→ Data extract:
::::::::::

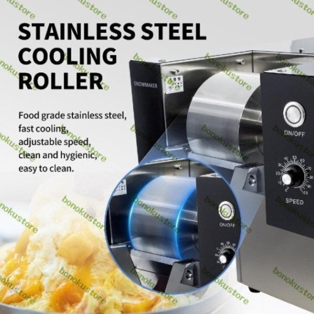 耐久性:アイスシェーバーメーカーマシンは厚いステンレス鋼素材でできており、錆びず、耐久性があり、お手入れが簡単です。食品グレードの304ステンレス鋼の冷凍ローラー、強力な冷凍。
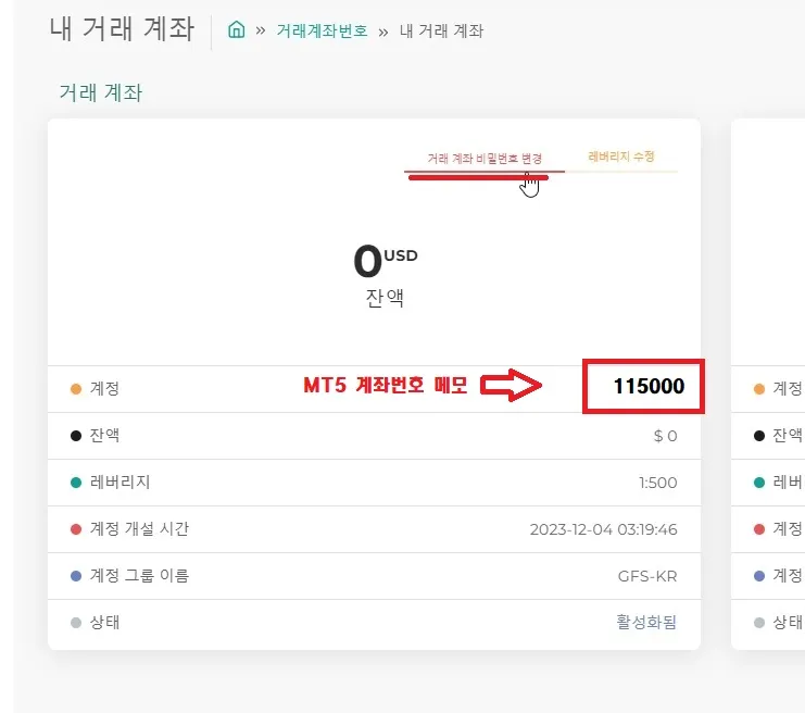 ● 계정에 적혀있는 MT5 계좌번호를 별도로 메모 합니다
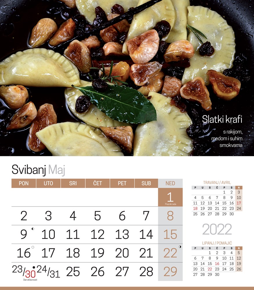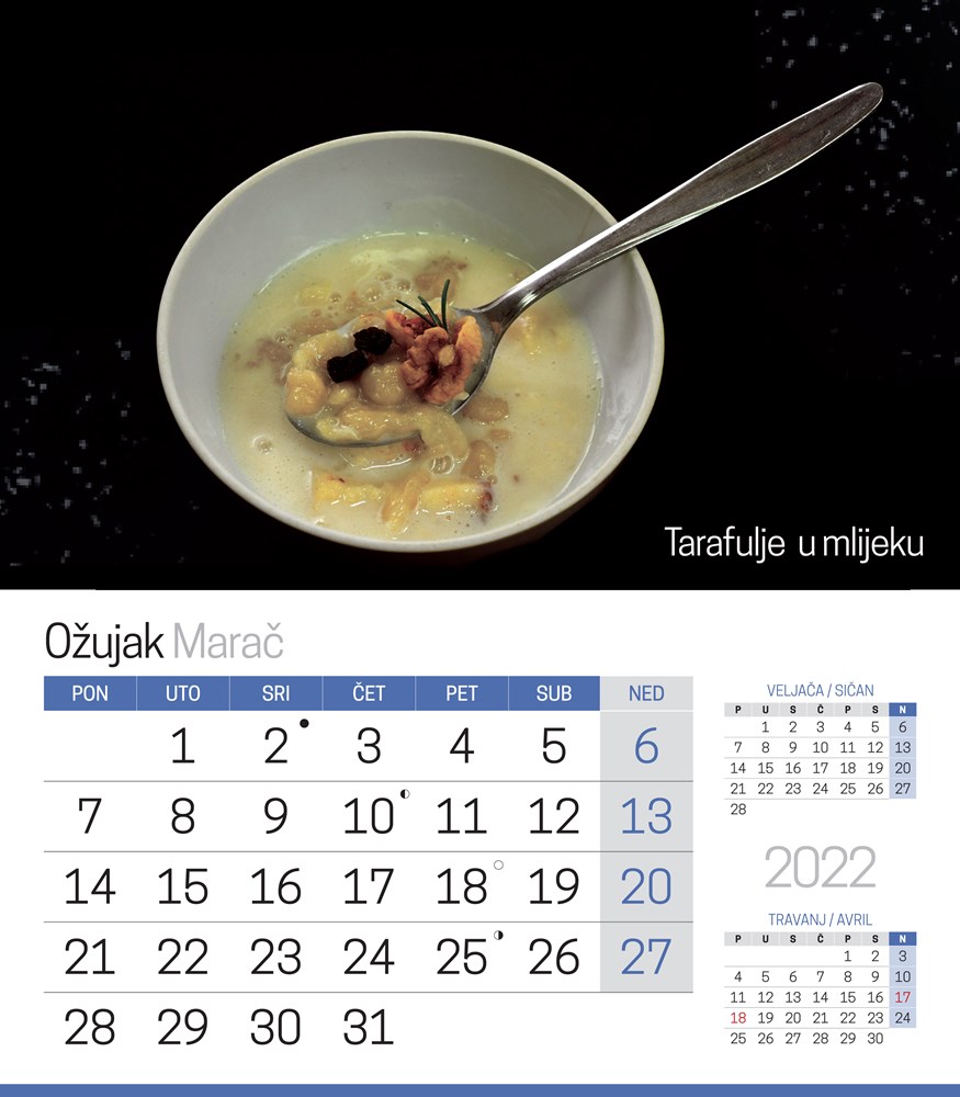 Ovaj ćete kalendar, zasigurno, sačuvati i nakon što okrenete njegov zadnji list, izrezati koji recept i ubaciti u "svoju staru bilježnicu od recepata" koju ljubomorno čuvate u nekom škafetinu, bez obzira na svu tehnologiju koja vas okružuje.
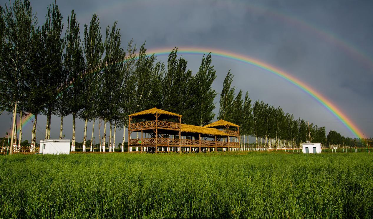 秋冬时节,站在榆林市榆阳区金鸡滩镇白舍牛滩村田园综合体高20米的观景台上,只见阳光下,一片片波光闪烁的草滩湿地、一个个瓜果飘香的蔬菜大棚、一排排漂亮精致的别墅洋房、一座座整洁干净的矿区厂房、一行行挺拔高耸的路边白杨……恰似一幅新时代陕北版的“富春山居图”。

::::::::::

→ Work order:
Return all the data exactly, and keep the pictures out.

→ Your solution:
 耐久性:アイスシェーバーメーカーマシンは厚いステンレス鋼素材でできており、錆びず、耐久性があり、お手入れが簡単です。食品グレードの304ステンレス鋼の冷凍ローラー、強力な冷凍。
 ● 계정에 적혀있는 MT5 계좌번호를 별도로 메모 합니다
 Ovaj ćete kalendar, zasigurno, sačuvati i nakon što okrenete njegov zadnji list, izrezati koji recept i ubaciti u "svoju staru bilježnicu od recepata" koju ljubomorno čuvate u nekom škafetinu, bez obzira na svu tehnologiju koja vas okružuje.
 秋冬时节,站在榆林市榆阳区金鸡滩镇白舍牛滩村田园综合体高20米的观景台上,只见阳光下,一片片波光闪烁的草滩湿地、一个个瓜果飘香的蔬菜大棚、一排排漂亮精致的别墅洋房、一座座整洁干净的矿区厂房、一行行挺拔高耸的路边白杨……恰似一幅新时代陕北版的“富春山居图”。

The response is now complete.